Enrique Iglesias & Jennifer Lopez Tour
- Promotional poster for the tour
- Location: North America
- Start date: July 14, 2012
- End date: September 1, 2012
- Legs: 1
- No. of shows: 24 in North America
- Attendance: 265,647
- Box office: $21.2 million
Enrique Iglesias tour chronology
| Euphoria Tour (2011–12) | Enrique Iglesias & Jennifer Lopez Tour (2012) | Sex and Love Tour (2014–15) |
Jennifer Lopez tour chronology
| Dance Again World Tour (2012) | Enrique Iglesias & Jennifer Lopez Tour (2012) | Jennifer Lopez: All I Have (2016–18) |

= Enrique Iglesias & Jennifer Lopez Tour =

2012 co-headlining concert tour

The Enrique Iglesias & Jennifer Lopez Tour was a co-headlining concert tour by Spanish singer Enrique Iglesias and American entertainer Jennifer Lopez. It began on July 14, 2012 in Montreal and concluded on September 1, 2012 in Miami. The trek was presented by State Farm and was promoted by AEG Live and followed the end of Iglesias's Euphoria Tour and the beginning of Lopez's Dance Again World Tour. Puerto Rican duo Wisin & Yandel was to be the opening act of the tour, but they dropped out weeks before the tour was set to begin, due to "unresolvable issues".

==Background==
In March 2012, it was announced that Lopez would headline two popular music festivals in Brazil. While promoting the announcement, the singer mentioned she would like to venture onto a world tour "at some point". Following the announcement, music publication Billboard reported Lopez was in talks to conduct a co-headlining tour with Enrique Iglesias. The rumors became official as Lopez announced the joint tour on "On Air with Ryan Seacrest", April 30, 2012. Later that day, Lopez and Iglesias held a press conference at Boulevard3. The conference was streamed live on Lopez's official website. During the conference, Iglesias stated the pairing felt "right" and he was excited to go on his first joint tour. In 2011, the Spanish singer was slated to join American singer Britney Spears on her Femme Fatale Tour; however he backed out just hours after the announcement.

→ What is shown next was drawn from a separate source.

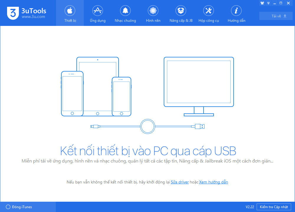 Hướng dẫn Bước 1: Cài đặt 3utools trên máy tính, bạn tải và cài đặt 3utools ở trang https://www.3u.com/

The tour is marketed as Lopez's "first world tour". In 2007, the singer toured with estranged husband Marc Anthony for her first joint tour. Further details reveal famed tour director Jamie King will direct the show alongside Lopez's current boyfriend Casper Smart. Zuhair Murad is slated to design tour costumes for Lopez. Iglesias and Lopez plan on performing a new duet, exclusive to the tour.

==Development==
Commenting on the tour, Lopez stated: I was going to go on tour, he was going to go on tour and it was like, 'Well, why don’t we go on tour together?' We sat down and we talked about it and people went crazy for the idea. […] We are going to give you everything we got. I think it's going to be one of the most historic tours ever. […] There's never been something like this, where Latinos come together like this. It's international – English and Spanish. I just think it's very groundbreaking. I was honored to be asked to be a part of it".

==Concert synopsis==
Lopez's set opened with a "JLO" style curtain; with male dancers dressed in grey tuxedos, top hats, and canes dancing in front of it. The curtain drops, revealing an "old" Hollywood-themed dance and video sequence, set to her song "Never Gonna Give Up". She would then emerge from behind the parted screens, greeting the crowd by stating: "Hello lovers." She opened with "Get Right", which was accompanied by purple-lighting and "pyramid dance formations." She then broke out into a "funked-up" version of "Love Don't Cost a Thing" and "I'm Into You" followed by "Waiting for Tonight" which was performed on a mini moving stage upon the stage. Prior to a performance of "Goin' In" in a boxing ring, there was an extended boxing scene video set to "Louboutins". She stated: "When you fall down, you get back up", making reference to her fall at the American Music Awards in 2009 after her performance of "Louboutins." A "hip-hop heavy" "back-to-my-roots" medley then occurred. Lopez said: "I'm a simple girl from New York City — the Bronx" before performing "Jenny from the Block", "I'm Real", "All I Have" and "Ain't It Funny (Murder Remix)".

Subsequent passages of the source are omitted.